STORED DATA:
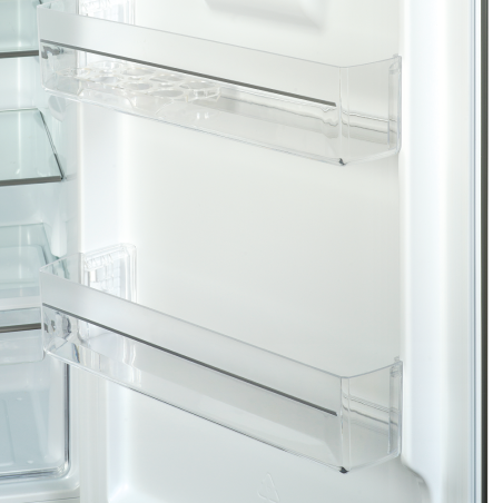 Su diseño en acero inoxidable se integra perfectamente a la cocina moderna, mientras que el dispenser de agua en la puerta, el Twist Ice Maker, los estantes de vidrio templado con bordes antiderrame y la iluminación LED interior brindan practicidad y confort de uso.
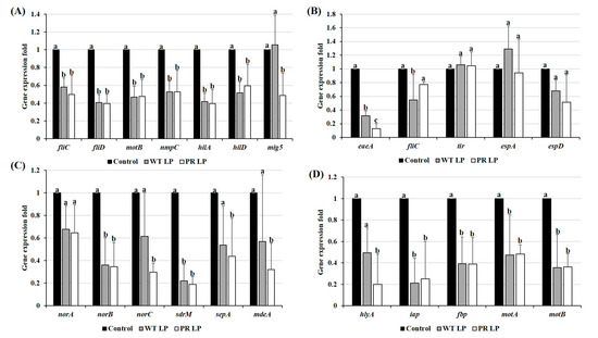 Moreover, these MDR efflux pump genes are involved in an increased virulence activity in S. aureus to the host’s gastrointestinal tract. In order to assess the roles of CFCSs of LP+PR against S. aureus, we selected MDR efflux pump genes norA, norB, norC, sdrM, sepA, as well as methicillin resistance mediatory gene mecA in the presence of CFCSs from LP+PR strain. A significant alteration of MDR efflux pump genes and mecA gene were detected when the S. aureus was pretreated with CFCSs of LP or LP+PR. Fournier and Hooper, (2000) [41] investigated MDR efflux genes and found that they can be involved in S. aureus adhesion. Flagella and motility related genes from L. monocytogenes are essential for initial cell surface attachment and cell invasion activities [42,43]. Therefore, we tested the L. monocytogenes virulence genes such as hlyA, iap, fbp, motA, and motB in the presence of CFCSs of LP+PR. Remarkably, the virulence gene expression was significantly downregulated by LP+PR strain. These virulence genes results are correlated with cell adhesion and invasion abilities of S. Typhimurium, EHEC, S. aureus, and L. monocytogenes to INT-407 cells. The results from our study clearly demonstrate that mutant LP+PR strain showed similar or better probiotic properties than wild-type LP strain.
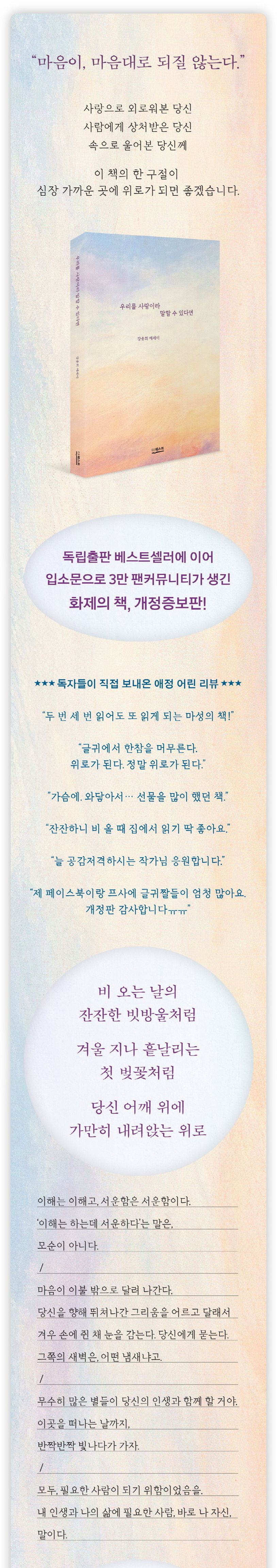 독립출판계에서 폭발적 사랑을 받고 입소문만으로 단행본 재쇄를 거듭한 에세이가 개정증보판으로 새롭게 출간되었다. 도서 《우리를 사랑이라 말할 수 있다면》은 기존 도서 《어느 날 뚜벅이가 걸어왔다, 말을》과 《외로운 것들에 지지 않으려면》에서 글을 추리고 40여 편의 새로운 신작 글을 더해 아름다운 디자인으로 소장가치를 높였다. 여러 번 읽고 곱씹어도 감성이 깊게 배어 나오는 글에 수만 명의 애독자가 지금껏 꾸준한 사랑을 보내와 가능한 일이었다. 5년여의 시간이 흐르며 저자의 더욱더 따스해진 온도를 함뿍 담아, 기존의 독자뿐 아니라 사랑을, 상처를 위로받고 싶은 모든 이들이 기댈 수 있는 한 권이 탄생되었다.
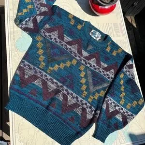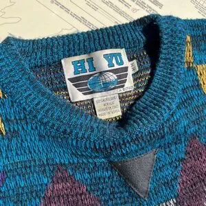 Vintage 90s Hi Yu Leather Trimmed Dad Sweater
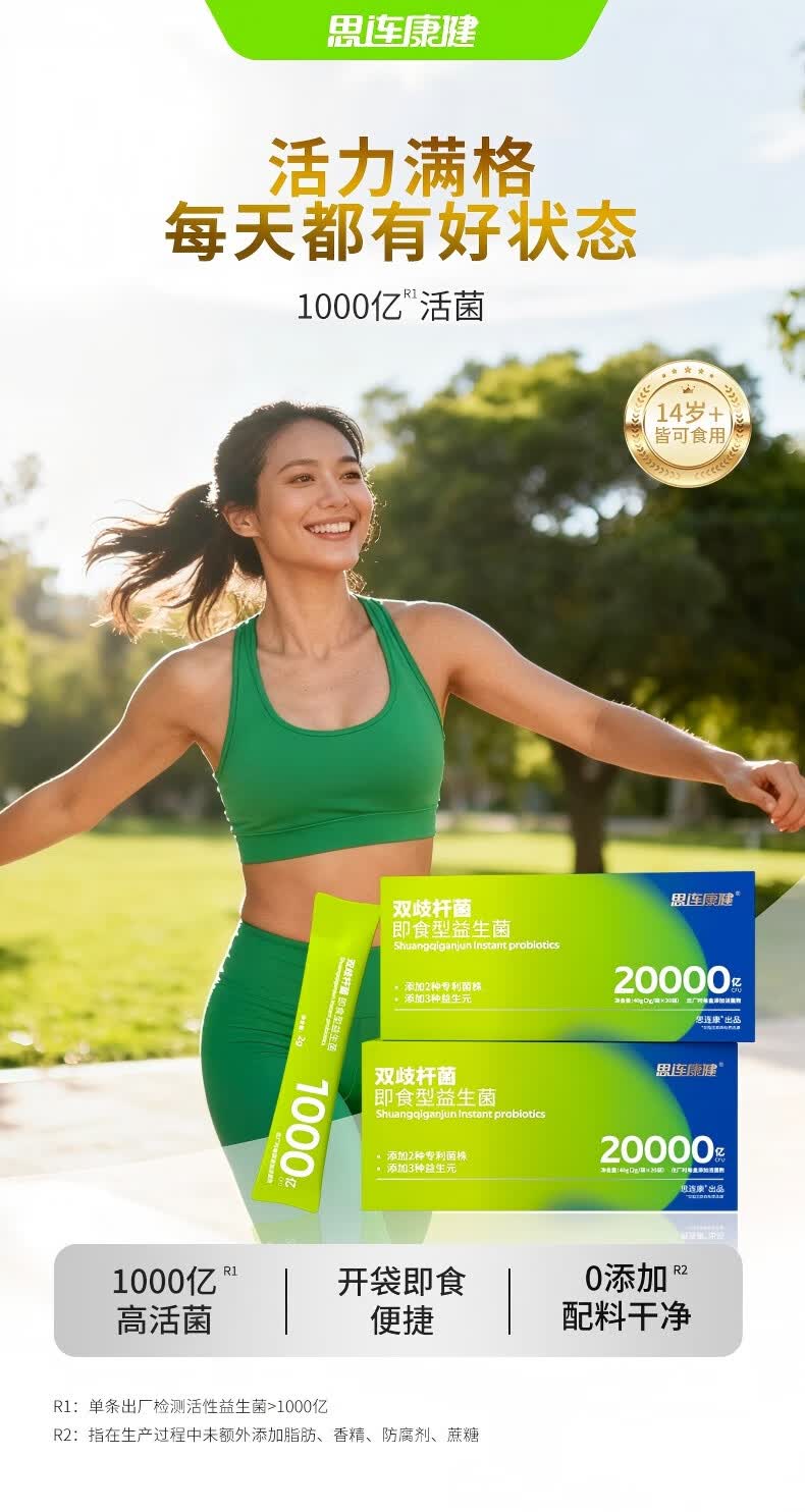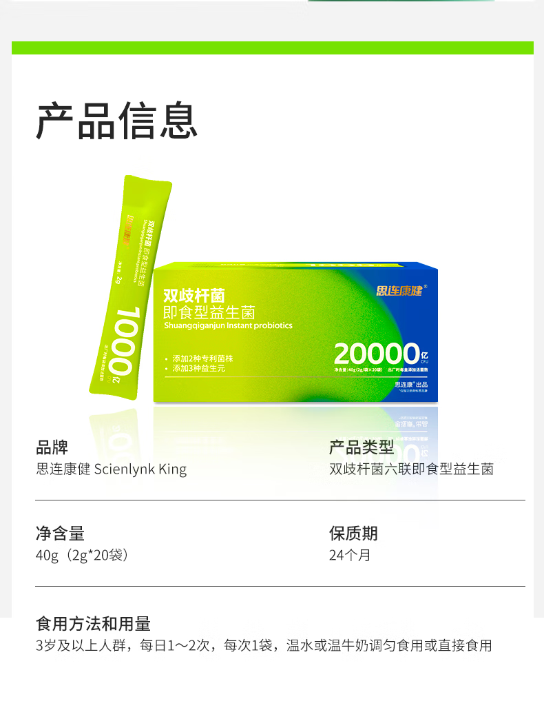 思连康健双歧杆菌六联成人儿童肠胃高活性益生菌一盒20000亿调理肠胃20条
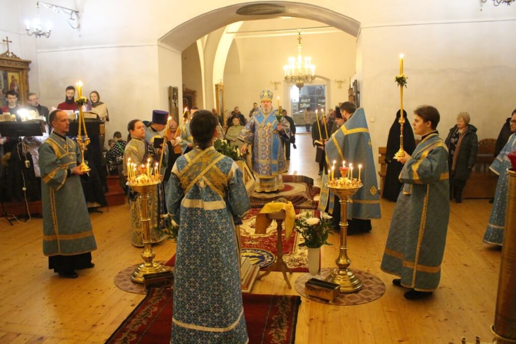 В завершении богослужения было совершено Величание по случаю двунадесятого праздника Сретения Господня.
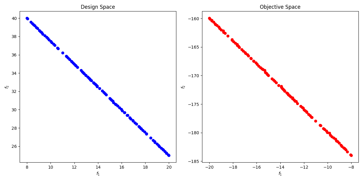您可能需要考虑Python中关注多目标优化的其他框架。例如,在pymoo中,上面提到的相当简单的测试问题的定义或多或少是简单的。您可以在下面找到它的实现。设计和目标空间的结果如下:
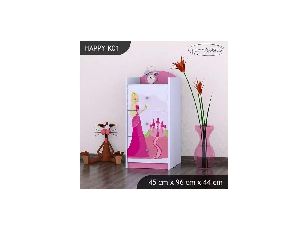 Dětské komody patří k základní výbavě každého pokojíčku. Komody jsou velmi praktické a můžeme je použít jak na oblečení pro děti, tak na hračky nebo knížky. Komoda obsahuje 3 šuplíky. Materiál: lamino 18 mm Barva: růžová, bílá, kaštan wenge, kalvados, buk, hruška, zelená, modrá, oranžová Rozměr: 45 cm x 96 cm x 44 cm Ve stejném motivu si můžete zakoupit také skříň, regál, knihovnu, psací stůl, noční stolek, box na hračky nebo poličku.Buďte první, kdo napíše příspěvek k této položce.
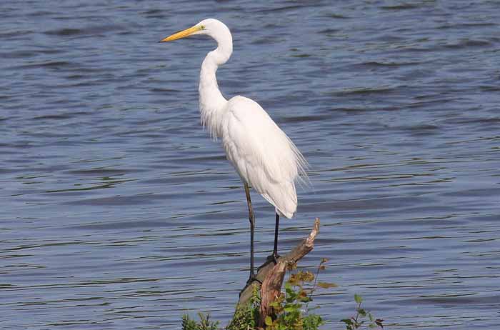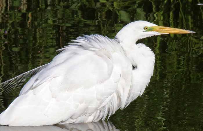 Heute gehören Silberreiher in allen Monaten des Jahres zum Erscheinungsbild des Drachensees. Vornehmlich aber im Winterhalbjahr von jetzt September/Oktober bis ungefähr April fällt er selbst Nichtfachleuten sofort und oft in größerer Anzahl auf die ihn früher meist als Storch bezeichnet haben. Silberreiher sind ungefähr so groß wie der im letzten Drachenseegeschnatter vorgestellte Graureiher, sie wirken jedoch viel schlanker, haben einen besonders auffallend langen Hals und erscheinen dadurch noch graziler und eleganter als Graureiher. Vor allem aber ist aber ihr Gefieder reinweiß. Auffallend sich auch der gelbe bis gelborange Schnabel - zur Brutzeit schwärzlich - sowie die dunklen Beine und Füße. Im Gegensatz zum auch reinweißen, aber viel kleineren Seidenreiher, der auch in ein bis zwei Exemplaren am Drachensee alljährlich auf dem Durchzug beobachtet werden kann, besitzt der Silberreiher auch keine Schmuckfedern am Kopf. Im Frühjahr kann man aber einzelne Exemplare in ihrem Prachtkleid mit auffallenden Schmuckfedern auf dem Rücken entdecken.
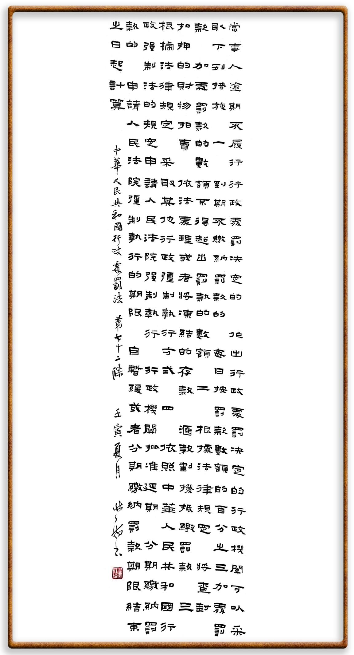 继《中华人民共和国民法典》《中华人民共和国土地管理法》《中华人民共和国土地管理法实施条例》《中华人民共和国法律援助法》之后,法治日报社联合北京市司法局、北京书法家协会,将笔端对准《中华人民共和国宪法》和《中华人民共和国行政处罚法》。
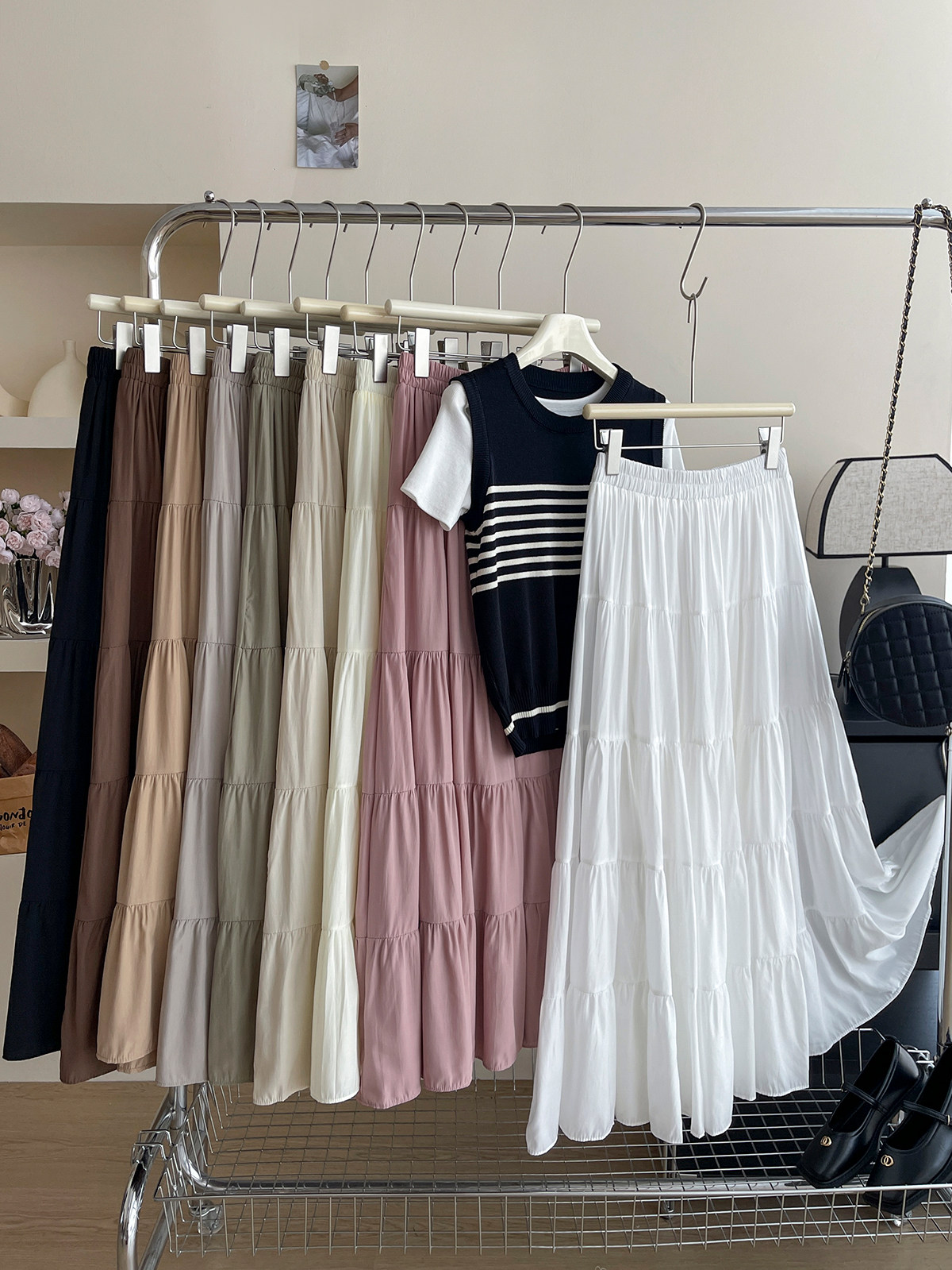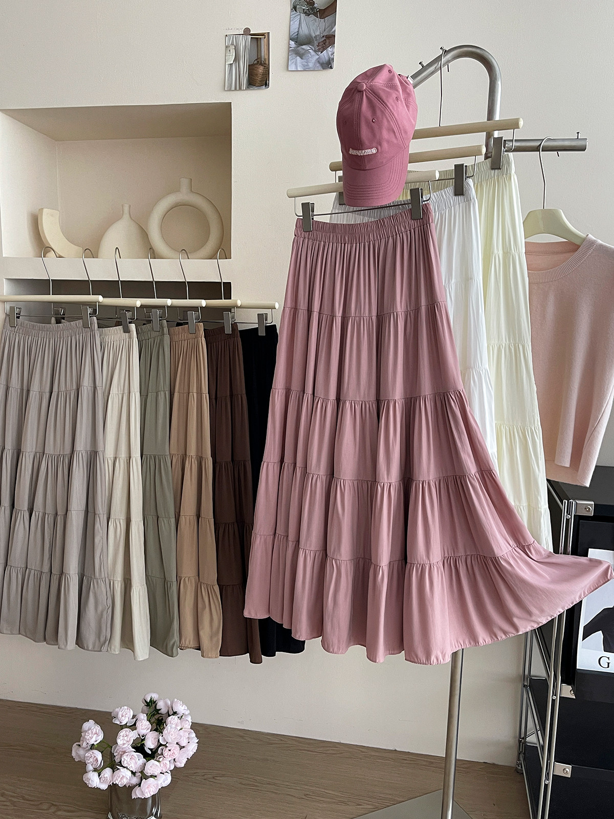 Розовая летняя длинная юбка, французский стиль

EXERCISE GOAL: Everything above from the line with "독립출판계에서 폭발적 사랑을" through the line with "Dětské komody patří" should be retyped exactly, and nothing else; omit pictures.

REPLY TO THE TASK:
 독립출판계에서 폭발적 사랑을 받고 입소문만으로 단행본 재쇄를 거듭한 에세이가 개정증보판으로 새롭게 출간되었다. 도서 《우리를 사랑이라 말할 수 있다면》은 기존 도서 《어느 날 뚜벅이가 걸어왔다, 말을》과 《외로운 것들에 지지 않으려면》에서 글을 추리고 40여 편의 새로운 신작 글을 더해 아름다운 디자인으로 소장가치를 높였다. 여러 번 읽고 곱씹어도 감성이 깊게 배어 나오는 글에 수만 명의 애독자가 지금껏 꾸준한 사랑을 보내와 가능한 일이었다. 5년여의 시간이 흐르며 저자의 더욱더 따스해진 온도를 함뿍 담아, 기존의 독자뿐 아니라 사랑을, 상처를 위로받고 싶은 모든 이들이 기댈 수 있는 한 권이 탄생되었다.
 Vintage 90s Hi Yu Leather Trimmed Dad Sweater
 思连康健双歧杆菌六联成人儿童肠胃高活性益生菌一盒20000亿调理肠胃20条
 В завершении богослужения было совершено Величание по случаю двунадесятого праздника Сретения Господня.
您可能需要考虑Python中关注多目标优化的其他框架。例如,在pymoo中,上面提到的相当简单的测试问题的定义或多或少是简单的。您可以在下面找到它的实现。设计和目标空间的结果如下:
 Dětské komody patří k základní výbavě každého pokojíčku. Komody jsou velmi praktické a můžeme je použít jak na oblečení pro děti, tak na hračky nebo knížky. Komoda obsahuje 3 šuplíky. Materiál: lamino 18 mm Barva: růžová, bílá, kaštan wenge, kalvados, buk, hruška, zelená, modrá, oranžová Rozměr: 45 cm x 96 cm x 44 cm Ve stejném motivu si můžete zakoupit také skříň, regál, knihovnu, psací stůl, noční stolek, box na hračky nebo poličku.Buďte první, kdo napíše příspěvek k této položce.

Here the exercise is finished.